Una lettera che ha più i tratti di uno "sfogo" dopo le pressioni che lo stesso avvocato agrigentino avrebbe ricevuto per schierarsi con questo o quell'altro partito dopo la sua dichiarazione di indipendenza. Circostanze che Giacalone non ha digerito ed ha spiegato nella sua lettera

William Giacalone

Il passaggio al Nuovo centrodestra di Gianluca Urso e la dichiarazione di indipendenza dal Pdr di William Giacalone avevano fatto subito intendere che al Consiglio comunale di Agrigento qualcosa stava accadendo. "Scosse di assestamento" le avevano definite gli addetti ai lavori. I più "maliziosi", invece, avevano già parlato di "compravendita" di consiglieri e di giochi di maggioranza tra i partiti. 

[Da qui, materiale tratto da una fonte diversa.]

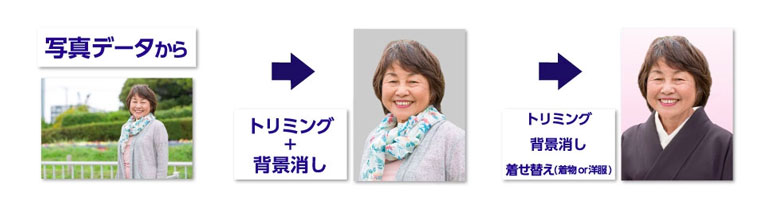 写真からでもデータからでも背景消し、着せ替えも最短3時間仕上げより!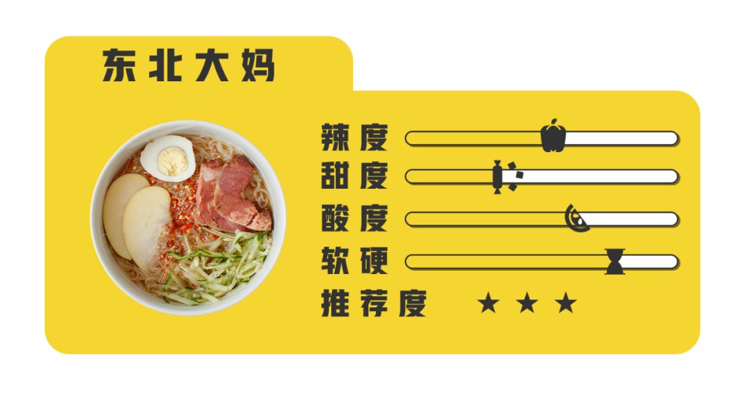 特别要提一下包装部分的制作说明,别的冷面会详细的告诉你,面煮几分钟,浸泡几分钟,汤汁调配多少毫升水,而东北大妈十分随性的只是告诉了你基本步骤,但具体的时间与比例,大都用“感觉差不多”类似的词语表示,一边看制作说明,脑海中不自觉就会呈现出一张善意的东北大妈的笑脸。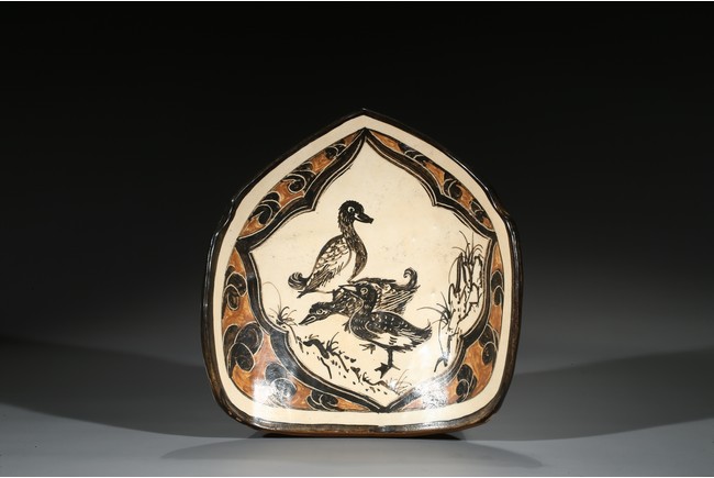 Of ruyi form, painted to the surface with three Mandarin ducks, covered overall with white glaze stopping above the base.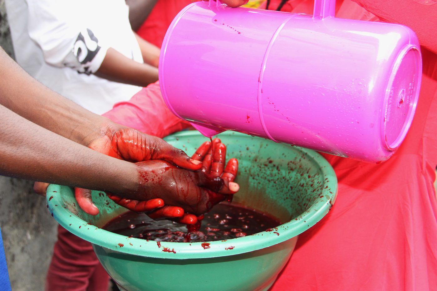 Exploring the notion of having blood on her hands for not voting in the recent Zimbabwe elections, Mukwazhi draws viewers into her performance as participants. Photo: Ruth Simbao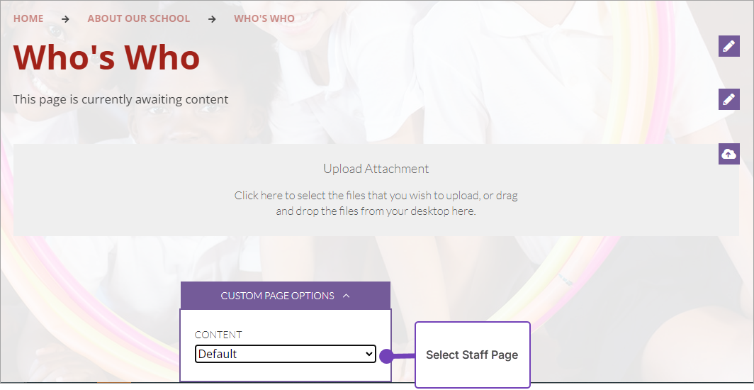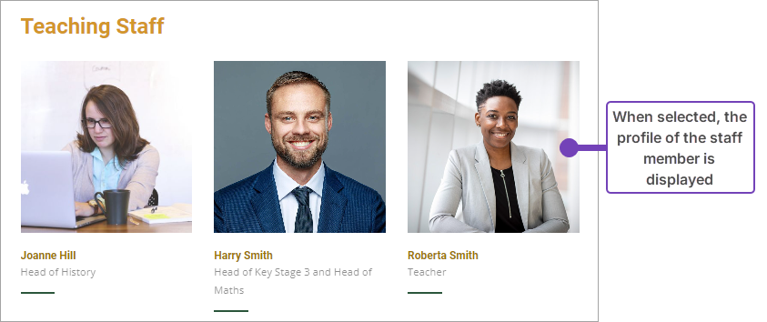 This article explains how to create a Custom Staff Page. A Custom Staff Page contains an image of each staff member, their name and their position in the school. When a viewer selects a photograph, they are linked to a profile page for the individual member of staff: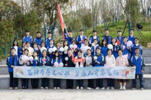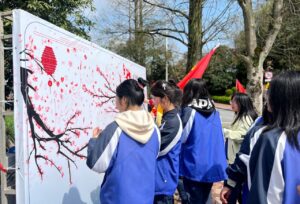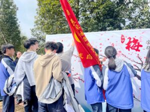 第二站:齐诵《少年中国说》。以班级为单位,同学们齐声诵读“故今日之责任,不在他人,而在我少年。少年强则国强,少年智则国智……”铿锵有力的诵读声在湖畔回荡,爱国情怀与青春担当在此刻深深烙印在心中。各班还组织了合影留念,定格下这珍贵的瞬间。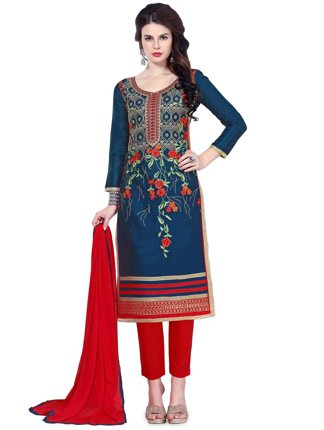 - Look ultra gorgeous in unstitched suits from Kavya and grab these beautiful suits in blue colour.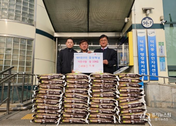 [경기뉴스원/경기뉴스1] | 고양특례시 일산서구 덕이동은 지난 10일, 지역 주민 김성태 씨가 직접 경작한 쌀 10kg 40포(총 400kg)를 어려운 이웃을 위해 기부했다고 밝혔다.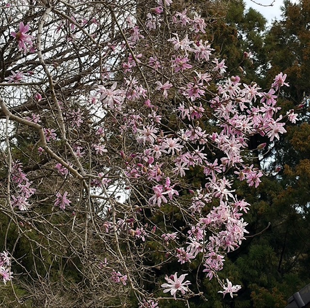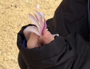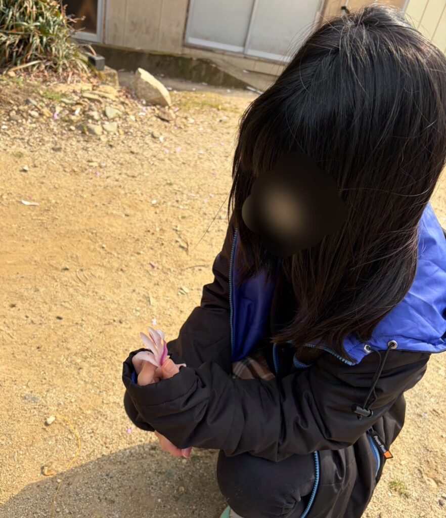 理事長ご実家のえーぽいんとは、庭にいろいろな木々があります。先日まで満開だった梅から春へのバトンを受け取ったのがヒメモクレン。満開のピンクの可愛い花たちが、春が来るよと知らせてくれています。落ちた花びらはやわらかくて、Sちゃんの手にもふわりと咲きました。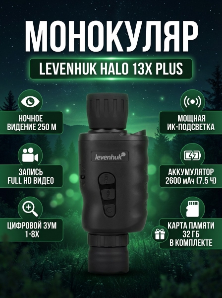 Монокуляр цифровой ночного видения Levenhuk Halo 13X PLUS - ОписаниеLevenhuk Halo 13X PLUS – монокуляр ночного видения c цифровым преобразователем, предназначенный для наблюдений в любое время суток. Возможности прибора раскроются во всей полноте на ночной охоте, в многодневном походе, при патрулировании и охране территорий. Оптика прибора выстраивает качественное изображение. Его можно приблизить и изучить в деталях: доступен цифровой зум 1–8 крат.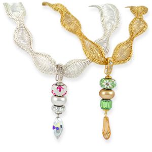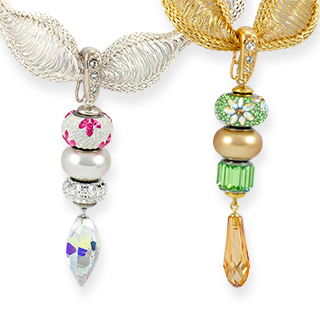Supplies include: BeCharmed Beads: 81762 Lily-White Opal, 5890 Pearl-White, 81201 Square Slim-Crystal; 6541 Twisted Drop-Crystal AB, Alacarte Crystal Hinged Bail, Findings Pack (2 bead aligners, headpin, 6 bicones). Download instructions click here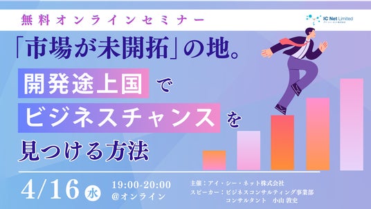 株式会社 学研ホールディングス(東京・品川/代表取締役社長:宮原博昭)のグループ会社、アイ・シー・ネット株式会社(埼玉・さいたま/代表取締役:百田顕児、以下、アイ・シー・ネット)は、これから海外進出をしようとしている方や社会貢献事業に取り組まれている方、今、話題のグローバルサウスに関心がある方など、情報収集やご自身の関心事の知見を広げるためのセミナーを2025年4月16日(水)にオンラインで開催します。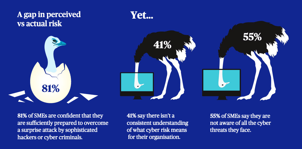 On one hand, 81% of SMEs are confident that they are sufficiently prepared to overcome a surprise attack by sophisticated hackers or cyber criminals.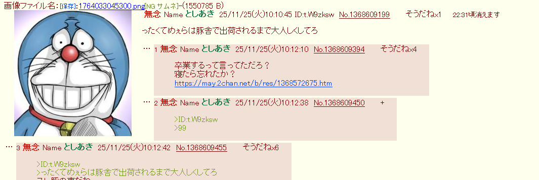 | … | 2無念Nameとしあき25/11/25(火)09:53:47No.1368607085そうだねx13>ふたば養豚場 |

Ma per Giacalone, che stamattina ha diramato alla stampa una lettera aperta, bisogna «essere coerenti con se stessi nelle scelte di percorso fatte a cui si è creduto e per le quali si è lottato per tanti anni». 

Una lettera che ha più i tratti di uno "sfogo" dopo le pressioni che lo stesso avvocato agrigentino avrebbe ricevuto per schierarsi con questo o quell'altro partito dopo la sua dichiarazione di indipendenza. Circostanze che Giacalone non ha digerito ed ha spiegato nella sua lettera.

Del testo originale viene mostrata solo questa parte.